Try a Surface 2. Fluid, and multitasking was part of the original design, not an add-on from an OEM.
 
That sounds great in theory, but what if you're using an iOS app that doesn't have an OSX equivalent?

And before this could even be attempted, iOS would have to be re-written for x86, or they'd have to somehow use two different CPUs in the same device...

Not defending the hybrid device theory, but iOS already runs on x86.

When running in the iOS simulator, iOS apps are compiled to x86 code and run natively on a Mac using the x86 version of the iOS frameworks. The simulator is just a window into native x86 iOS apps with some artificial limitations on resolution and other things to make it behave like iOS hardware. It would take a few minutes for Apple to enable full screen iOS apps on Macs.

iOS itself is more than likely written on x86 Macs and then compiled for ARM to test and deploy on actual hardware.
 
Microsoft did it well with their Snap function, and I think it's mandatory(?) - I could see something similar working on the iPad, but definitely not a 50/50 split, and for the love of God, FORGET the draggable split.

Yes, all apps support side by side "Snap" in Windows. 50-50, 40-60 and 30-70 (the last one great for, say, having a twitter list or a Skype chat -30- while you watch a Tv show or read the news -70-).
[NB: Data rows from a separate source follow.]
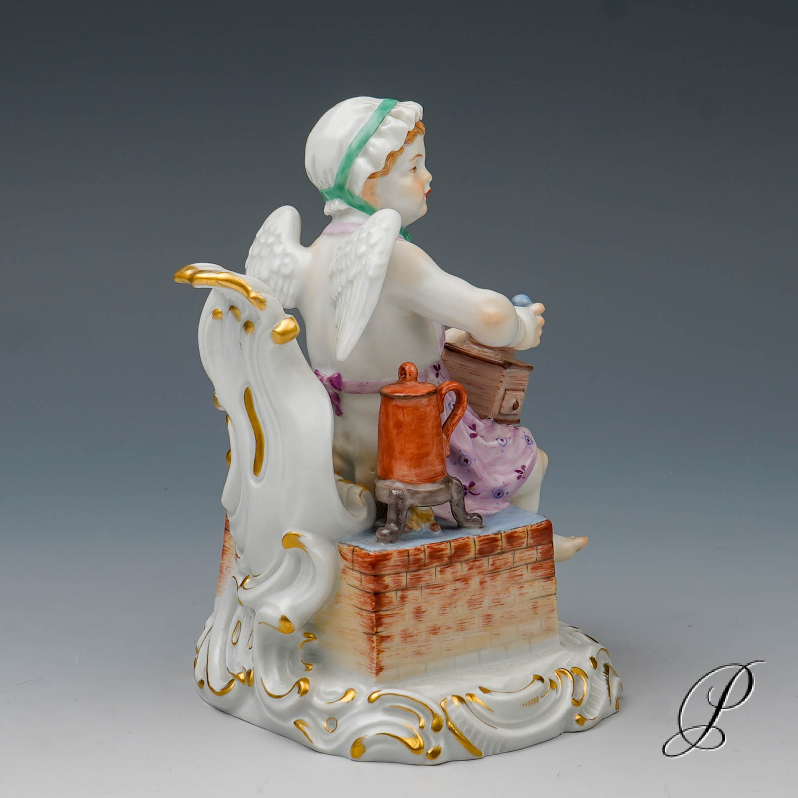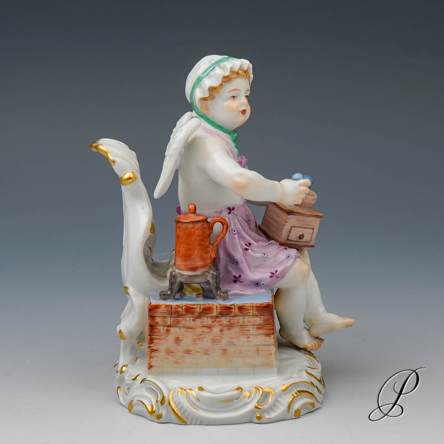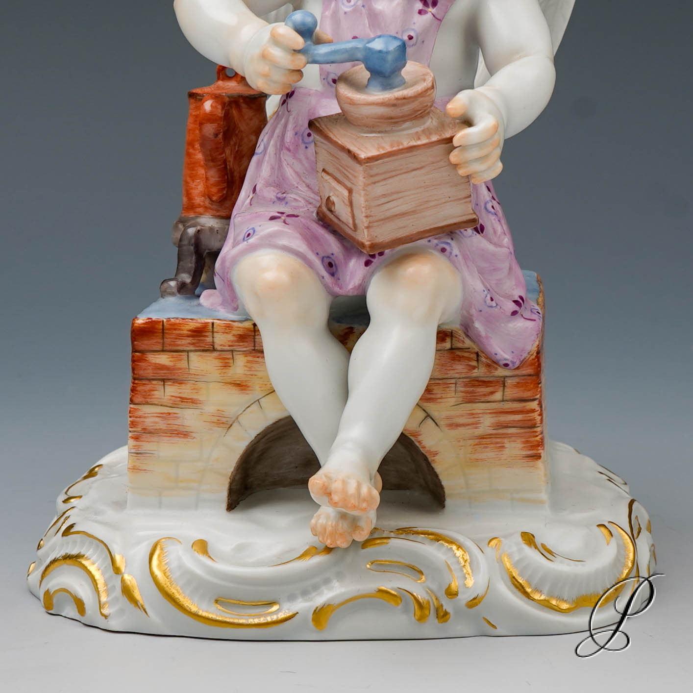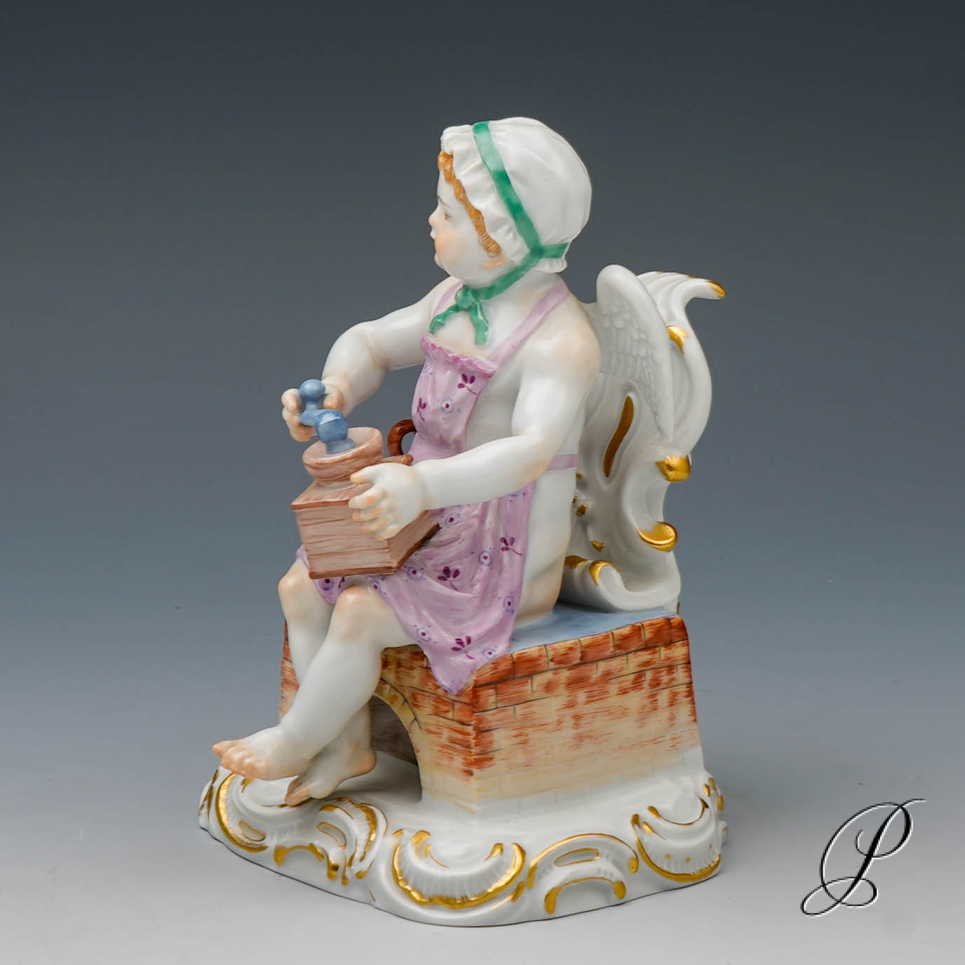 In der Darstellung „Amorette als Köchin“ mit Kaffeemühle.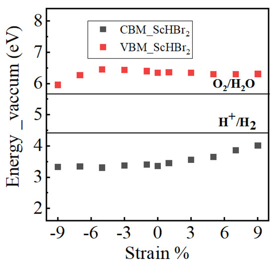 The calculated strain-induced variation in VBM and CBM positions with respect to the redox potential for the ScHBr2 monolayer.
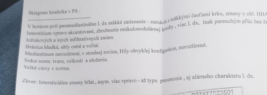 zmeny naznačujú možný zápal pľúc. Musí sa hodnotiť vzhľadom ku klinickému stavu.
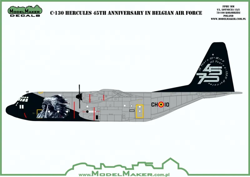 • CH-10 Jubiläumsanstrich „45 Jahre C-130H Hercules / 70 Jahre 15th Wing“, No. 20 Sqn „Blue Sioux“, belgische Luftwaffe, Brüssel/Melsbroek, Oktober 2018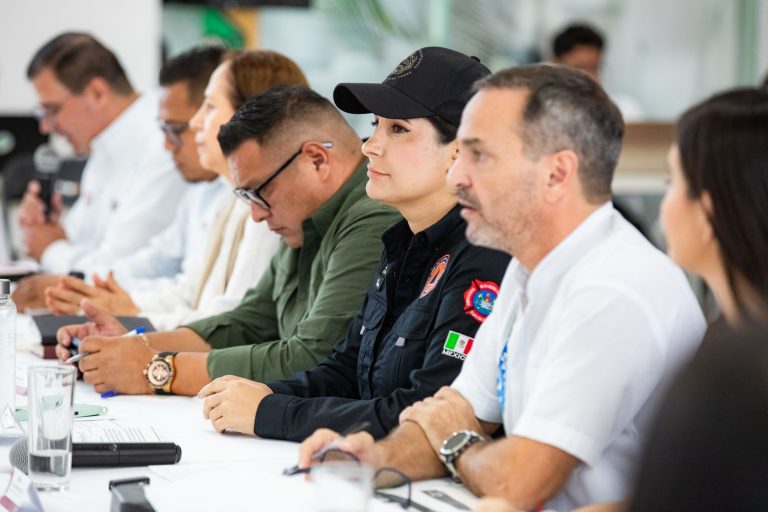 Acompañada por el secretario de Desarrollo Económico de Quintana Roo, Paúl Carrillo, la Alcaldesa destacó la necesidad de la coordinación efectiva con el sector empresarial para proteger a la población en momentos críticos.
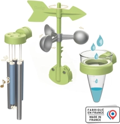 Trasforma la casetta dei bambini in una piccola stazione meteorologica. Questo set ludico-didattico stimola curiosità e abilità pratiche: i bambini possono osservare direzione e velocità del vento, misurare le precipitazioni e, al contempo, percepire l’ambiente circostante grazie ai delicati toni del carillon a vento.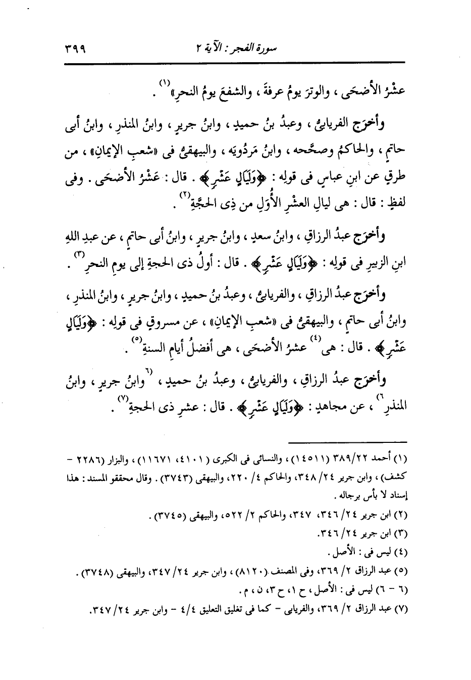 وأخرج الفريابي ، وعَبد بن حُمَيد ، وَابن جَرِير ، وَابن المنذر ، وَابن أبي حاتم والحاكم وصححه ، وَابن مردويه والبيهقي في الشعب من طرق عن ابن عباس في قوله : {وليال عشر} قال : عشرة الأضحى وفي لفظ قال : هي ليال العشر الأول من ذي الحجة.

And why you don't like the draggable split bar? Makes so easy to change the split ratio, and tells you which app is active for interaction, altough I would like it to be a little thinner.
 
I have mixed feelings about this. iPad as an information appliance is undoubtedly a large part of it's success as far as I see it, the more features and complexity that is added, the harder it will be to keep it simple.
 
You mean that the majority likes and approves what Apple is doing? Yes, great, I agree. And if it's really "the majority" it shouldn't be THAT difficult to find those overlapping posters who "change their opinion" and use them as an explicit example, don't you think?
Luckily enough a lot of people prefer to discuss positive things over negative ones, that could be one of the reasons why new features are very welcomed on here as opposed to the pathetic "samsung.. steal... bla" stuff (from both sides)
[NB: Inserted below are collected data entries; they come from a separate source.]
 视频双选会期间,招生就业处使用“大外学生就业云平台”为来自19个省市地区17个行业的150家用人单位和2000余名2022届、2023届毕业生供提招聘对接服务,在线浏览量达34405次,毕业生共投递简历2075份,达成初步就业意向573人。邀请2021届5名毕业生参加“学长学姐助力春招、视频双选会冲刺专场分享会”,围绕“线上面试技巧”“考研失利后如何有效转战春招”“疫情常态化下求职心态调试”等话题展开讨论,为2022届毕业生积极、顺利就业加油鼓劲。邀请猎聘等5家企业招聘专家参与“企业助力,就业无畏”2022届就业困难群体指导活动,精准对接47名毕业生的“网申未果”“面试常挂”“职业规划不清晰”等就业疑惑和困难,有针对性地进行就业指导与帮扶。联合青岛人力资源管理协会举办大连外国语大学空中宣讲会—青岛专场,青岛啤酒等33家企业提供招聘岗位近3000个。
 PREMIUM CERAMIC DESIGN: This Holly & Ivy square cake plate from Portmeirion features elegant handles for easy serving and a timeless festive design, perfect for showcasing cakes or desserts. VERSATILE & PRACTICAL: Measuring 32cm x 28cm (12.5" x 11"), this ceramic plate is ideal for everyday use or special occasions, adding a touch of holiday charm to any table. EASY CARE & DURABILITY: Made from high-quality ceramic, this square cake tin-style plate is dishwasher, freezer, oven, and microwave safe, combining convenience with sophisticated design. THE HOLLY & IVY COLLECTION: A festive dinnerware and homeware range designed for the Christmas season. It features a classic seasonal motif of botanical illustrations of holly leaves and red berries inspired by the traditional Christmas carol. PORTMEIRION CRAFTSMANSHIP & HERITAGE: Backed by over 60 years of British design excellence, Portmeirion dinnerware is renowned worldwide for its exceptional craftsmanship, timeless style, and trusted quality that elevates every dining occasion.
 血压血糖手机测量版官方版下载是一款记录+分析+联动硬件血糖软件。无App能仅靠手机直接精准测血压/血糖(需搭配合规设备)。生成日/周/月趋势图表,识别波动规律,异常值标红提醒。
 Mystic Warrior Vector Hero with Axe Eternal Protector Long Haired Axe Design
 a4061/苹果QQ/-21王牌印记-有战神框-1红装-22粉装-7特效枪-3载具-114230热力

I'm done with it. I have explained it quite clearly yet you keep twisting it to something I didn't say. You know exactly what I meant.
 
You mean that the majority likes and approves what Apple is doing? Yes, great, I agree. And if it's really "the majority" it shouldn't be THAT difficult to find those overlapping posters who "change their opinion" and use them as an explicit example, don't you think?
Luckily enough a lot of people prefer to discuss positive things over negative ones, that could be one of the reasons why new features are very welcomed on here as opposed to the pathetic "samsung.. steal... bla" stuff (from both sides)
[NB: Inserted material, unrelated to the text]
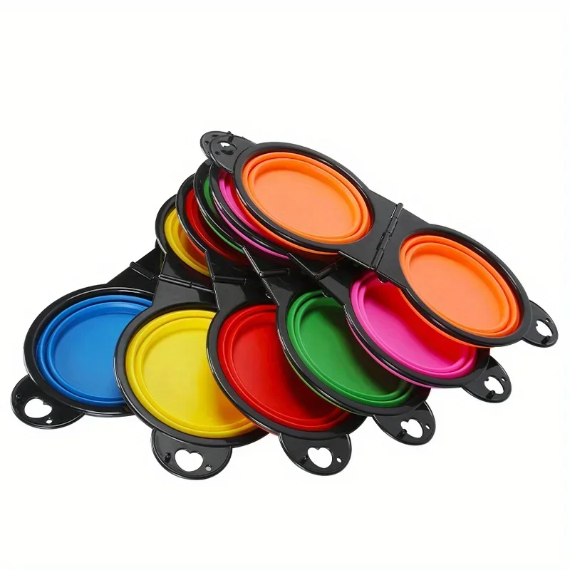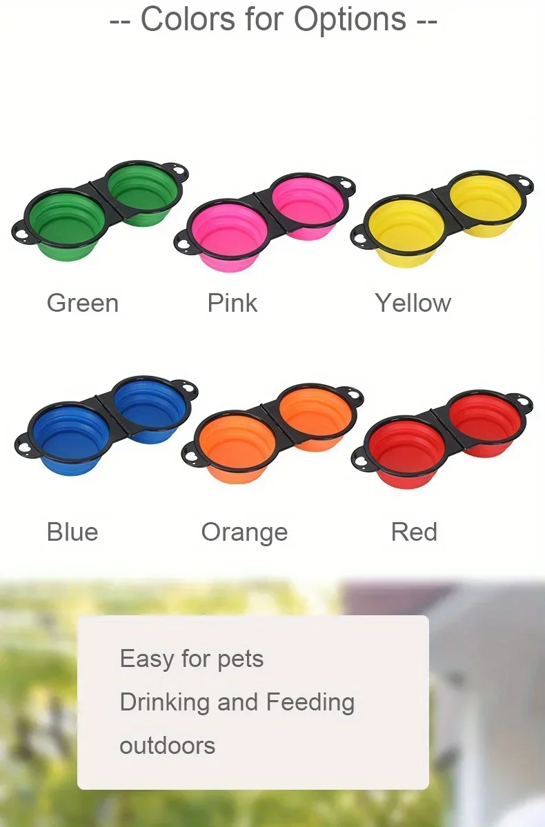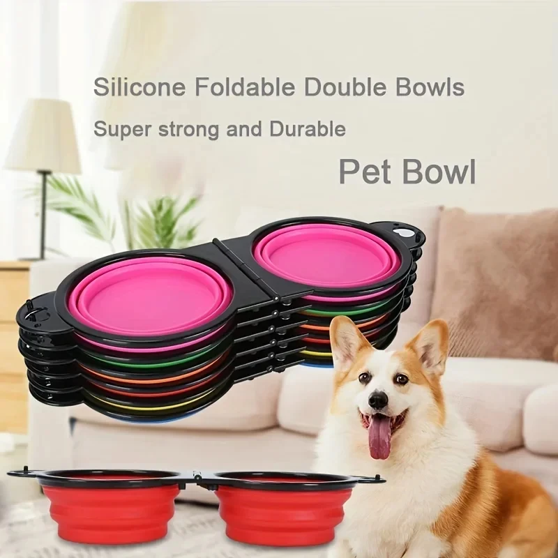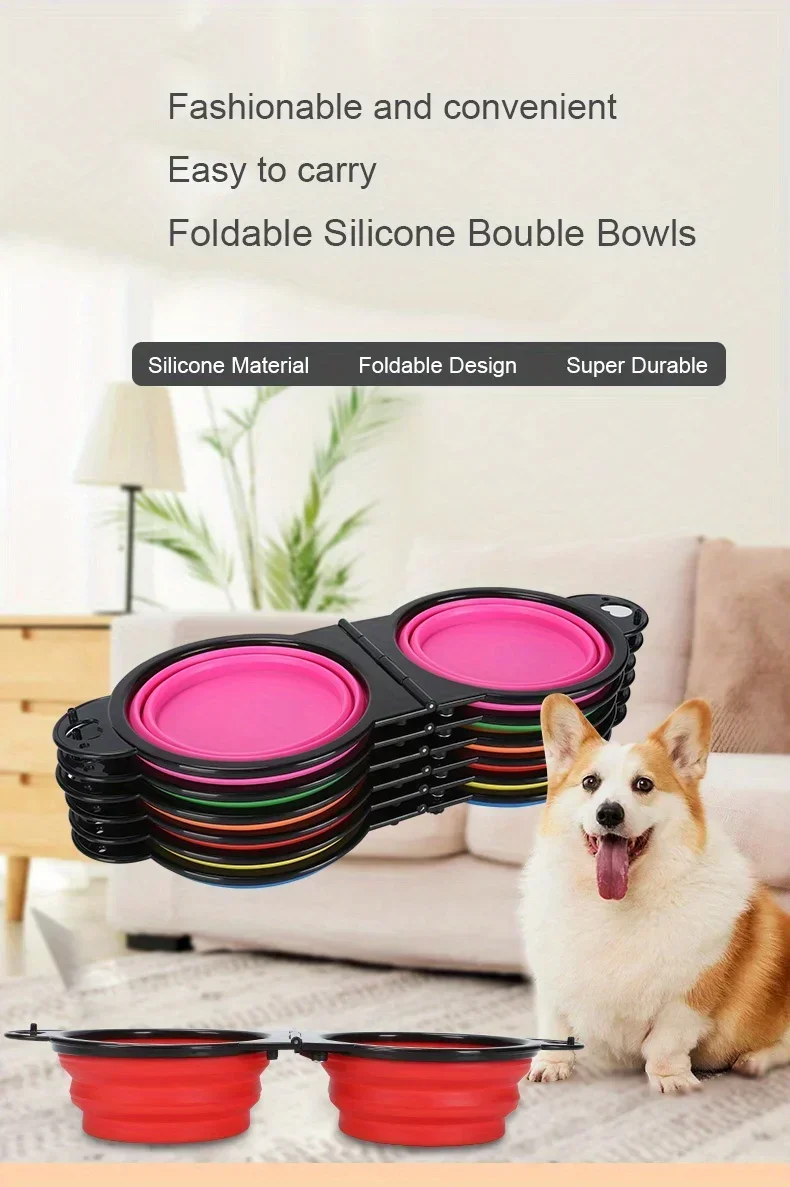 Cuencos de viaje para perros de silicona colgables, cuencos dobles 2 en 1, cuenco de comida plegable para perros, cuenco de agua para caminar al aire libre, acampar y viajar

No, no, no! You've got it all wrong. It's much easier if we just forget that the forum is made up of over 890,000 members, all with differing opinions. Anytime somebody likes something Apple does they must have hated it before Apple did it and are just changing their mind because it's Apple. It's just much easier to moan about fanboys that way. ;)
 
The vast majority of my post was explaining how it makes sense why people change their position over time. With the march of progress of technology, it would be odd to hold the same opinion over time.

Yes, and I agree with you, especially with the bit about Apple engineering out the negatives associated with other companies' products features before implementing similar features in their own.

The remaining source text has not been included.